LA DISCOTECA REINA. La discoteca Reina è un luogo molto popolare per l'alta società e gli stranieri, frequentato da celebrità, calciatori e imprenditori. Secondo testimoni, molti presenti alla festa nel locale si sono lanciati nel fiume, quando l'attentatore ha sparato, poi salvati dalla Guardia costiera. Il proprietario del club, Mehmet Kocarslan, ha dichiarato a Hurriyet che i servizi statunitensi avevano avvisato di possibili attacchi una settimana prima, e che erano state prese misure di sicurezza addizionali.

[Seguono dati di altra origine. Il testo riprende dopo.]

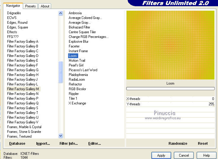 10. Effetti>Plugins>Filter Factory Gallery M - Loom, con i settaggi standard.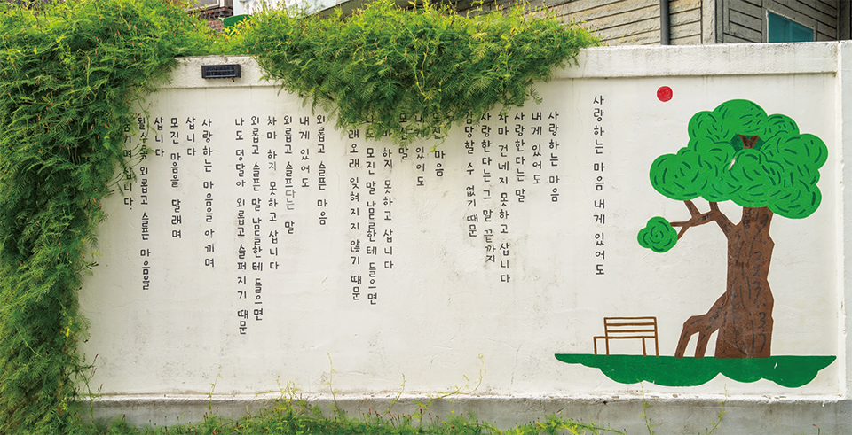 요즘 서울에서 핫하다는 서순라길에 비하면 넓고, 정비가 잘 되어있는 데다가 붐비지 않아서 여유를 부리기에 딱이다. 그렇게 에너지를 충천하고 나면 골목을 다시 걸어보자. 담벼락마다 그려진 정겨운 벽화와 나태주 시인의 따뜻한 시들이 벽을 빼곡하게 메우고 있으니까. 시화와 어우러진 시들이 잊고 지냈던 감성을 채워주는 기분이다. 그래도 아쉽다면 1960~70년대 공주 하숙문화에 대한 추억과 향수를 느낄 수 있는 하숙마을이나, 다양한 전시가 펼쳐지는 자연미술과Ko로 발길을 옮겨보자. 레트로한 느낌과 예술 전시로 가득한 문화 향유의 시간이 될 테니.

Tuttavia, l'ambasciata Usa ad Ankara oggi ha smentito, citata da Bbc: "Il governo americano non aveva informazioni su minacce a specifici luoghi d'intrattenimento, incluso il Reina".

CAPODANNO E SICUREZZA. Per il Capodanno a Istanbul, la polizia aveva dispiegato circa 25mila agenti a prevenzione di eventuali attentati, dopo che l'Isis negli ultimi due anni ha commesso 14 attacchi, uccidendo 250 persone. Sebbene l'attacco alla discoteca Reina non sia stato rivendicato, per i media turchi la polizia sta concentrando le indagini sullo Stato islamico. Per il presidente turco, Recep Tayyip Erdogan, questo tipo di attacchi mira a destibilizzare il Paese: "Questi attacchi, commessi da diverse organizzazioni terroriste contro i nostri cittadini, non sono indipendenti da altri incidenti che accadono nella regione", ha detto. "La Turchia - ha aggiunto in riferimento alle azioni contro l'Isis in Siria - è determinata a fare il necessario nella regione per mantenere la sicurezza e la pace dei turchi".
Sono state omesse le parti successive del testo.